• Exercise: The expected answer is the data below, printed verbatim without its pictures.

╭─ Extracted records

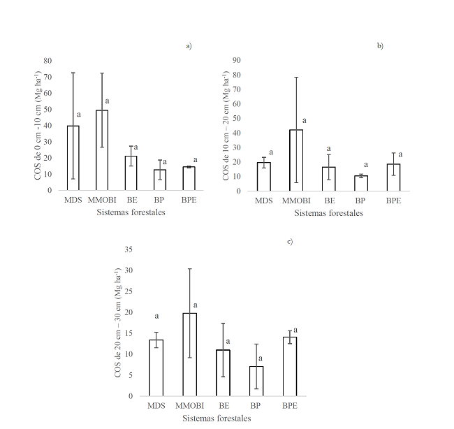 En el presente estudio presentamos un análisis clúster que mostró disimilitud entre sistemas forestales (Fig. 4), lo que hace suponer, si se considera el estrato 0 cm-30 cm de profundidad del perfil, que el manejo MMOBI presenta tendencia a acumular mayor contenido de C en el suelo que los otros sistemas evaluados. En el caso de los sistemas manejados, cuando existe tala de árboles y se deja el material residual en el terreno, se provoca una aceleración de la tasa de retorno del C al suelo (Saynes et al., 2012). En el sistema MMOBI se generaron 1.76 Mg C ha-1 de material leñoso esparcido de forma homogénea sobre el suelo, en este sistema las prácticas silvícolas como chapeo, podas y aclareo utilizadas son con intensidad mínima o incluso algunas no se utilizan, lo cual favorece la acumulación de material residual sobre el suelo, y, por ende, el aumento del almacén de C en el mantillo (Fig. 3 y Fig. 5). En contraste con el sistema MMOBI, el sistema MDS contiene 1.43 Mg C ha-1 de material leñoso sobre el suelo acomodado en forma de montículos y curvas de nivel con prácticas de quema para el material excedente, lo cual genera mayor apertura del dosel, que favorecería el desarrollo de organismos descomponedores que fomentan la mineralización en el suelo (Vesterdal et al., 2002). Se ha demostrado que, cuando se aplican manejos en los que se mantiene la cubierta forestal simulando un compor-tamiento natural, existe mayor almacenamiento de COS (Thornley y Cannell, 2000; Hoover, 2011).
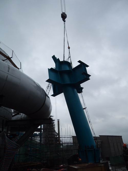 该高炉本体框架柱设计为钢管混凝土结构,下框架柱钢管规格为Φ1200mm*25mm,上框架柱钢管规格为Φ800mm*25mm。此次吊装的下框架柱安装标高12.5m,重15t。项目部认真落实“树正气、讲责任、比贡献”主题劳动竞赛活动,精心部署,合理安排构件进场,克服施工场地狭小等困难,顺利完成了该节点任务。
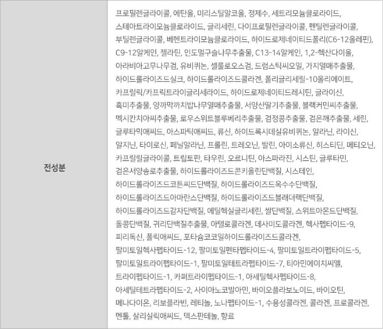 | 화장품제조업자, 화장품책임판매업자 및 맞춤형화장품판매업자 | 상품 상세페이지 참조 | 제조국 | 상품 상세페이지 참조 |
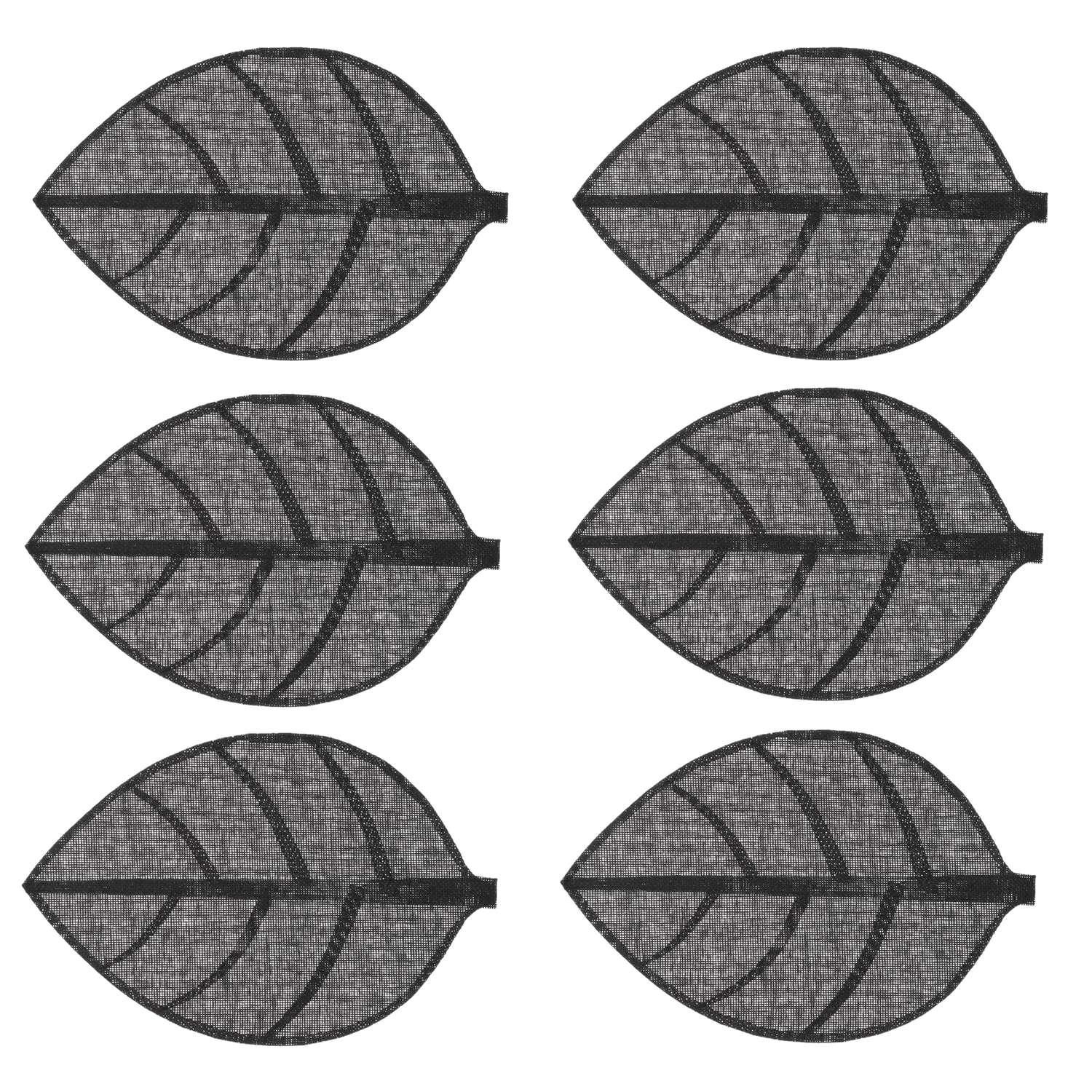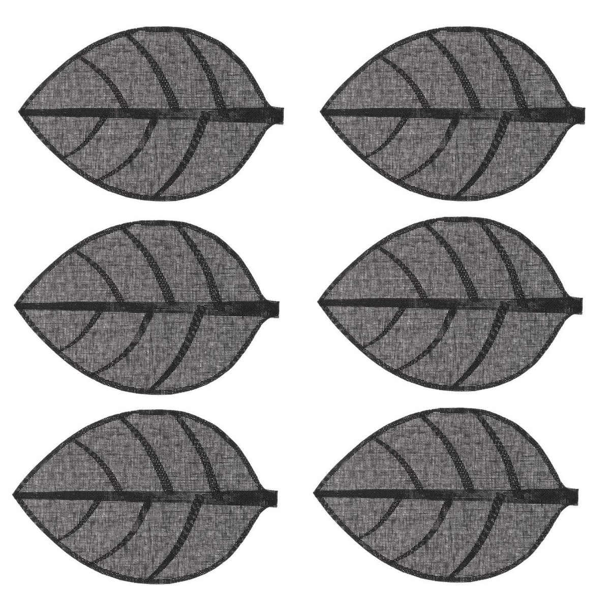 Lot 6x Set de table Feuille - 50 x 33 cm - Noir
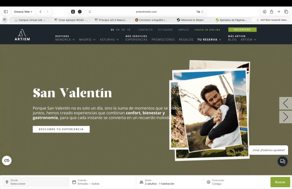 En aquesta web apareix un carrusel d'imatges/contingut a la pàgina principal que va canviant en un període bastant més llarg de 3 segons, la qual cosa no pot causar molèsties visuals, ja que és una transició lenta.
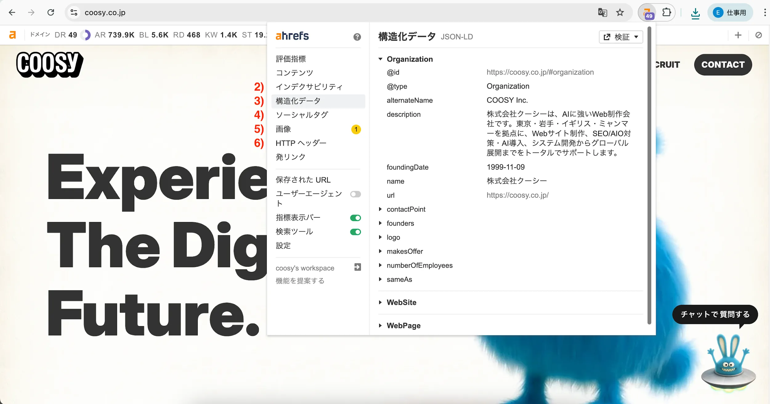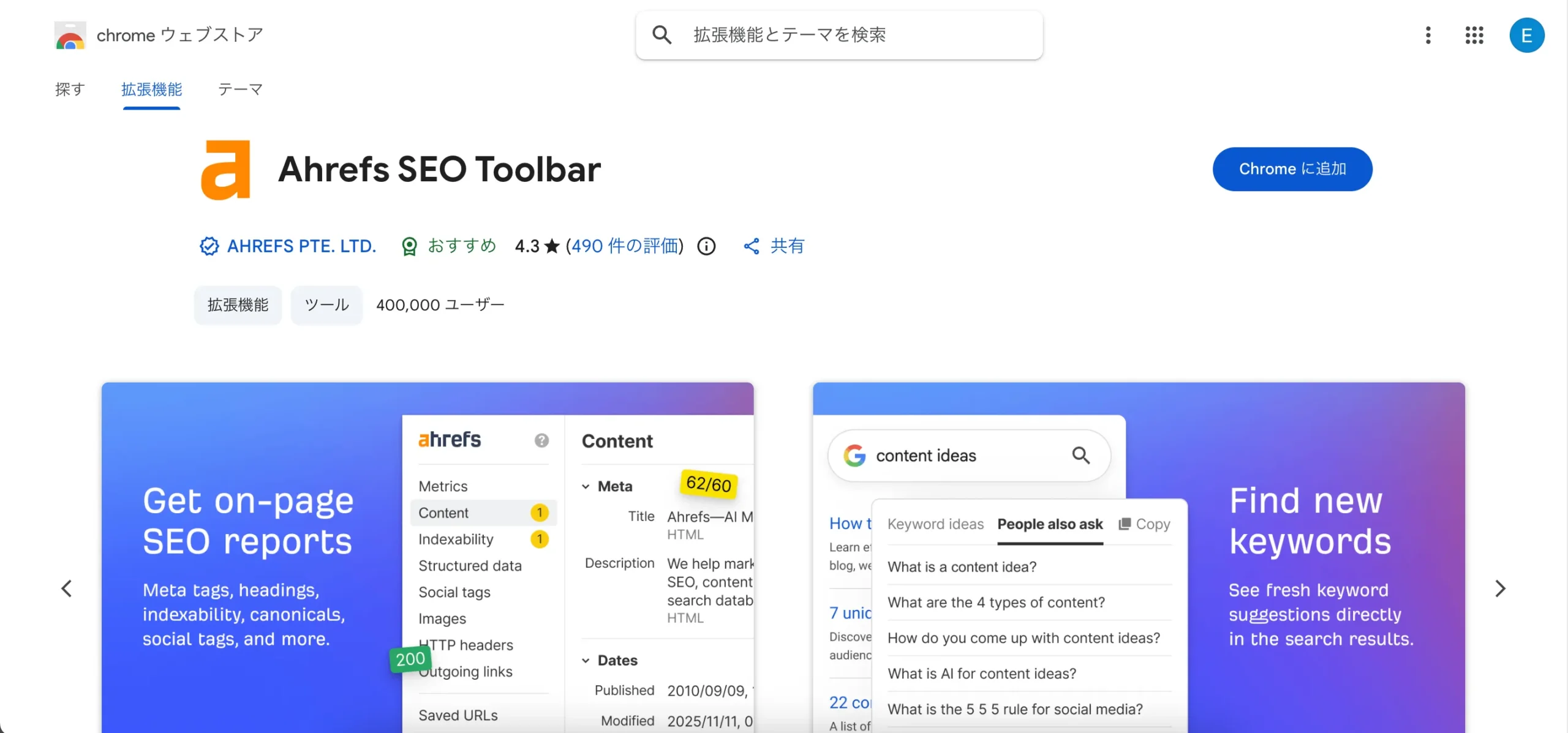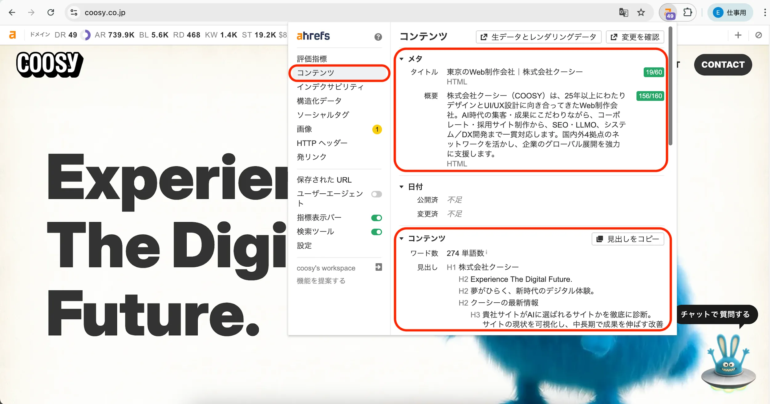 サイトのSEOを確認するために、わざわざ別の分析サイトを開くのは面倒ですよね。Ahrefsを使えば、今見ているページ上で、キーワードの強さやリンクの状態をパッと確認できるため、別の画面に切り替える手間がなくなり、作業に集中したまま分析を進められます。

╰─

• Written solution:
 En el presente estudio presentamos un análisis clúster que mostró disimilitud entre sistemas forestales (Fig. 4), lo que hace suponer, si se considera el estrato 0 cm-30 cm de profundidad del perfil, que el manejo MMOBI presenta tendencia a acumular mayor contenido de C en el suelo que los otros sistemas evaluados. En el caso de los sistemas manejados, cuando existe tala de árboles y se deja el material residual en el terreno, se provoca una aceleración de la tasa de retorno del C al suelo (Saynes et al., 2012). En el sistema MMOBI se generaron 1.76 Mg C ha-1 de material leñoso esparcido de forma homogénea sobre el suelo, en este sistema las prácticas silvícolas como chapeo, podas y aclareo utilizadas son con intensidad mínima o incluso algunas no se utilizan, lo cual favorece la acumulación de material residual sobre el suelo, y, por ende, el aumento del almacén de C en el mantillo (Fig. 3 y Fig. 5). En contraste con el sistema MMOBI, el sistema MDS contiene 1.43 Mg C ha-1 de material leñoso sobre el suelo acomodado en forma de montículos y curvas de nivel con prácticas de quema para el material excedente, lo cual genera mayor apertura del dosel, que favorecería el desarrollo de organismos descomponedores que fomentan la mineralización en el suelo (Vesterdal et al., 2002). Se ha demostrado que, cuando se aplican manejos en los que se mantiene la cubierta forestal simulando un compor-tamiento natural, existe mayor almacenamiento de COS (Thornley y Cannell, 2000; Hoover, 2011).
 该高炉本体框架柱设计为钢管混凝土结构,下框架柱钢管规格为Φ1200mm*25mm,上框架柱钢管规格为Φ800mm*25mm。此次吊装的下框架柱安装标高12.5m,重15t。项目部认真落实“树正气、讲责任、比贡献”主题劳动竞赛活动,精心部署,合理安排构件进场,克服施工场地狭小等困难,顺利完成了该节点任务。
 | 화장품제조업자, 화장품책임판매업자 및 맞춤형화장품판매업자 | 상품 상세페이지 참조 | 제조국 | 상품 상세페이지 참조 |
 Lot 6x Set de table Feuille - 50 x 33 cm - Noir
 En aquesta web apareix un carrusel d'imatges/contingut a la pàgina principal que va canviant en un període bastant més llarg de 3 segons, la qual cosa no pot causar molèsties visuals, ja que és una transició lenta.
 サイトのSEOを確認するために、わざわざ別の分析サイトを開くのは面倒ですよね。Ahrefsを使えば、今見ているページ上で、キーワードの強さやリンクの状態をパッと確認できるため、別の画面に切り替える手間がなくなり、作業に集中したまま分析を進められます。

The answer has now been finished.